おっふぅ…………。
「ああ。今日何か違うと思ったら前髪下ろしてたのね。久々で可愛いわ」
「ありがと奈々……。でも今はそんなことどうでもいい雰囲気だってことを察してクダサイ」
食堂に入るとすぐ目に飛び込んできたプラチナの髪。その横には、積み上げられた無数の箱や袋。

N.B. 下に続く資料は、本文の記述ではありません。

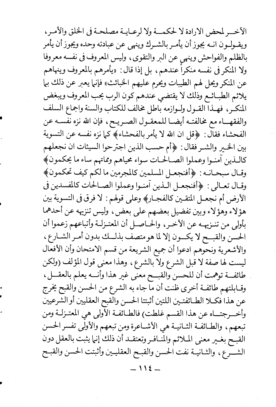 الآخر لمحض الإرادة لا لحكمة ولا لرعاية مصلحة في الخلق والأمر، ويقولون إنه يجوز أن يأمر بالشرك وينهى عن عبادته وحده ويجوز أن يأمر بالظلم والفواحش وينهى عن البر والتقوى، وليس المعروف في نفسه معروفا ولا المنكر في نفسه منكرا عندهم، بل إذا قال: {يَأْمُرُهُمْ بِالْمَعْرُوفِ وَيَنْهَاهُمْ عَنِ الْمُنْكَرِ وَيُحِلُّ لَهُمُ الطَّيِّبَاتِ وَيُحَرِّمُ عَلَيْهِمُ الْخَبَائِثَ} فإنما يعبر عن ذلك بما يلائم الطبائع وذلك لا يقتضي عندهم كون الرب يحب المعروف ويبغض المنكر، فهذا القول ولوازمه باطل مخالف للكتاب والسنة وإجماع السلف والفقهاء مع مخالفته أيضا للمعقول الصريح، فإن الله نزه نفسه عن الفحشاء فقال: {قُلْ إِنَّ اللَّهَ لا يَأْمُرُ بِالْفَحْشَاءِ} ، كما نزه نفسه عن التسوية بين الخير والشر فقال: {أَمْ حَسِبَ الَّذِينَ اجْتَرَحُوا السَّيِّئَاتِ أَنْ نَجْعَلَهُمْ كَالَّذِينَ آمَنُوا وَعَمِلُوا الصَّالِحَاتِ سَوَاءً مَحْيَاهُمْ وَمَمَاتُهُمْ سَاءَ مَا يَحْكُمُونَ} ، وقال سبحانه: {أَفَنَجْعَلُ الْمُسْلِمِينَ كَالْمُجْرِمِينَ مَا لَكُمْ كَيْفَ تَحْكُمُونَ} ، وقال تعالى: {أَمْ نَجْعَلُ الَّذِينَ آمَنُوا وَعَمِلُوا الصَّالِحَاتِ كَالْمُفْسِدِينَ فِي الْأَرْضِ أَمْ نَجْعَلُ الْمُتَّقِينَ كَالْفُجَّارِ} ، وعلى قولهم: لا فرق في التسوية بين هؤلاء وهؤلاء وبين تفضيل بعضهم على بعض، وليس تنزيهه عن أحدهما بأولى من تنزيهه عن الآخر، والحاصل أن المعتزلة وأتباعهم زعموا أن الحسن والقبح لا يكون إلا لما هو متصف بذلك بدون أمر الشارع، والأشعرية ونحوهم ادعوا أن جميع الشريعة من قسم الامتحان وأن الأفعال ليست لها صفة لا قبل الشرع ولا بالشرع، وهذا معنى قول المؤلف: "ولكن طائفة توهمت أن للحسن والقبح معنى غير هذا وأنه يعلم بالعقل، وقابلتهم طائفة أخرى ظنت أن ما جاء به الشرع من الحسن والقبح يخرج عن هذا فكلا الطائفتين اللتين أثبتتا الحسن والقبح العقليين أوالشرعيين وأخرجتاه عن هذا القسم غلطت"، فالطائفة الأولى هي المعتزلة ومن تبعهم، والطائفة الثانية هي الأشاعرة ومن تبعهم والأولى تفسر الحسن القبح بغير معنى الملائم والمنافر وتعتقد أن ذلك إنما يثبت بالعقل دون الشرع، والثانية نفت الحسن والقبح العقليين وأثبتت الحسن والقبح

挙げ句、今昴に話しかけた女の子は「貰ってください!」と一方的にテーブルに箱を置いて走って逃げて行った。
オーマイガー……。
「あらあら。王子様は大変ね」
「あんなに貰って……そんなバハマ……」
「クソつまんないギャグ言う舌なんて今すぐ噛み切ればいいのに」
必死に自分を駆り立てようとしたあたしを慰めるどころか、死を望む奈々様に涙目です。
「ほら、何食べるのよ」
「……チョコ食べる」
「バカ。それは昴にあげるやつでしょう」
「だってだってあんなにチョコ貰ってさぁっ! あたしのチョコなんていらないじゃんっ!」
「嫉妬って醜いわよねぇ」
「…………」
奈々のバカ! 鬼!
そう思いながらも心が寒いので猿の如く奈々の腕にまきつくあたし。
頭上から溜め息が降ってきたけれど、奈々は何も注文しないあたしに「仕方ないわね」と言ってそのまま歩き出す。
昴たちの元へ行くと、また昴はチョコを渡されていた。
ムスッとして、わざと翔太の隣に座り真向かいの昴を見る。
「トールッ」
……っストップあたし!
笑顔を見せる昴にきゅんとしてしまう自分を心の中でボッコボコに殴りながら、テーブルに紙袋を置いて、その中から2つの小袋を取り出した。
「はいっ! ハッピーバレンタインッ」
もはや投げやりに翔太とキョウにチョコが入った小袋を渡す。